[time-nuts] Atomic clocks - Why alkali metals?

Magnus Danielson magnus at rubidium.dyndns.org
Sun Oct 30 15:51:19 UTC 2011


On 10/29/2011 09:34 PM, paul swed wrote:
> Ammonia was the first clock wasn't it?
> Potentially Na and K have reactive behaviors like catching on fire that
> isn't attractive to a manufacturing process.

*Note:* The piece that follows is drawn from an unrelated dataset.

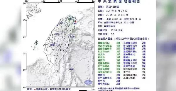 快訊/國家警報大響!宜蘭規模6.0強震 北部劇烈搖晃

A feature shared with H, Ru and Cs, which does not exclude them from 
being selected.

Cheers,
Magnus

> On Sat, Oct 29, 2011 at 3:12 PM, Poul-Henning Kamp<phk at phk.freebsd.dk>wrote:
>
>> In message<20111029201927.b7a1130c.attila at kinali.ch>, Attila Kinali
>> writes:
>>
>>> Is it because they can be aproximated as single electron
>>> systems due to the one electron in the valence orbit?
>>
>> Yes.  Basically that electron is in a "figure of eight" orbital
>> which means that it passes straight through, or possibly just
>> very close by, the proton, allowing their spin moments to interact.
>>
>>> Related to this is the question why only H, Rb and Cs are used.
>>> Although, from my point of view there isnt anything that speaks
>>> against using Li, K or Na, these are not used at all. At least i
>>> couldnt find any papers or other documents describing frequency
>>> standards build on these elements.
>>
>> I belive K has been tried.
>>
>> I belive the preference for H, Rb&  Cs is that getting them as
>> single atoms doesn't require high temperatures.
>>
>> --
>> Poul-Henning Kamp       | UNIX since Zilog Zeus 3.20
>> phk at FreeBSD.ORG         | TCP/IP since RFC 956
>> FreeBSD committer       | BSD since 4.3-tahoe
>> Never attribute to malice what can adequately be explained by incompetence.